Excellent Suspended's description. The Fichi d'India (Opuntia Ficus Indica) are averagely common plants in south Italy, especially in Calabria and Sicilia. This quite stout plant (Barbary Fig), growing up in arid/semi-arid areas, is a species of cactus, possibly native to Mexico, which has been able to adapt its "status" to really hard (waterless) conditions. The fruit, which is enjoyed "frozen" by many (I actually don't crave for it), has a taste similar to sweet watermelon. Ortigia has (also in this case) once again been able to extrapolate the hidden essence of an indigenous peculiar friut finally appointing a quite pleasant fragrance which, despite the lack of complex structure, is able to stand out for gracefulness and delicacy. Fico d'India is figgy, soapy, floral, ethereal and musky. There is a connection (thin red edge) with scents a la Annick Goutal Ninfeo Mio, Ferragamo Pour Homme and Diptyque Philosykos but this fragrance possesses an its own "southern" (hard to describe) fleshy particularity. It is indeed at same time balmy-ethereal and fleshy-juicy (kind of simil berrish/orangy/mellony/plummy), powdery and musky. There is an intense (juicy-acid) black/red cherry-like fruitiness jumping as well out and it is quite irresistible end erotic. This fruity vibe is anyway basically figgy like a classic fig-vibe enriched by berry/melony fruitiness. Fruitiness is anyway finally dry and powdery (after the initial tart-vibe's recession). Powdery woods close the round of this really original creation. This creation is not surely creative but ends to smell peculiar and temperamental. Another Ortigia's evocative performance for us.

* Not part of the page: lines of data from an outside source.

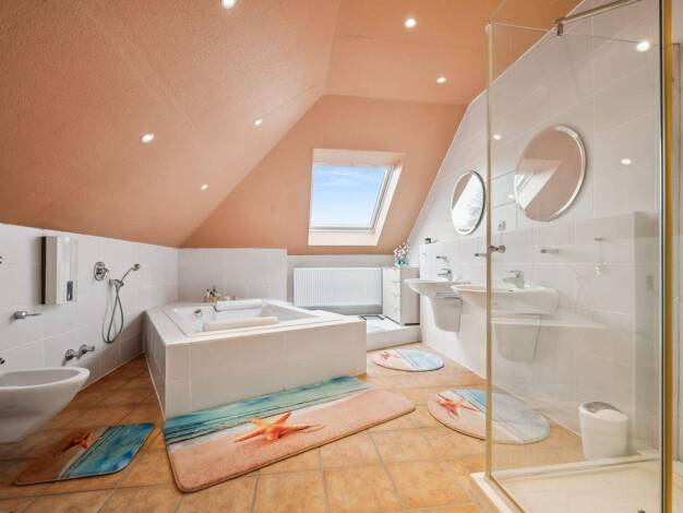 Objektbeschreibung Dieses exklusive Objekt, das im Jahr 2002 erbaut wurde, bietet nicht weniger als 245 m² Wohnfläche und ein beeindruckenden umbauter Raum von 1283 m³ (ohne Garagen). Die Villa verfü...
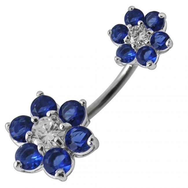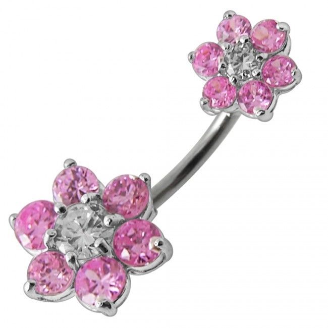 Piercingový šperk určený pro piercing pupíku. Piercing s květy zdobenými zirkony.
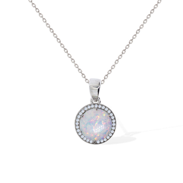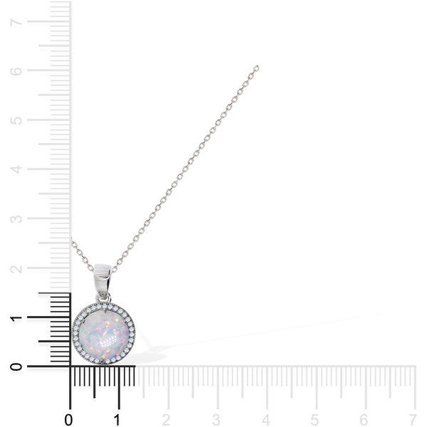 Gemvine Sterling Silver Round Large Opalique Necklace Pendant + 18 Inch Adjustable Chain

This scent is made using a giant cactus with bright orange flowers, indigenous to Sicily, and opens with the strong smell of freshly cut stems that have been frozen in ice; green, cold, cedary and ever so slightly citric with a hint of flora. Interestingly, and equally, I get a dry, minutely sweet, smokey tobacco note alongside the greenery that creates a wonderfully unusual partnership.
The dry down softens the top notes and introduces a whispering creamy vanilla to warm things up a little, and maybe, just maybe, a tiny hint of banana leaf.
It may just be my chemistry but after an hour or two I'd say this fragrance becomes gourmand. The cool greenery has all but gone and you're left with something that smells like a good quality vanilla ice-cream with a hint of coconut. There's still a hint of powdery flora, too, never soapy. I'm not a fan of vanilla or gourmands in general, but I really like what this becomes.
To me, this is a scent that was made with summer in mind and is perfectly unisex. Depending on the weather, I find the green elements can stick around a lot longer. The coconut accord comes and goes, sometimes it never appears, other times I get a huge burst of suncream. What ever Fico decides to disclose, never disappoints.
All in all, an unusual scent that gets a lot of compliments. I love it!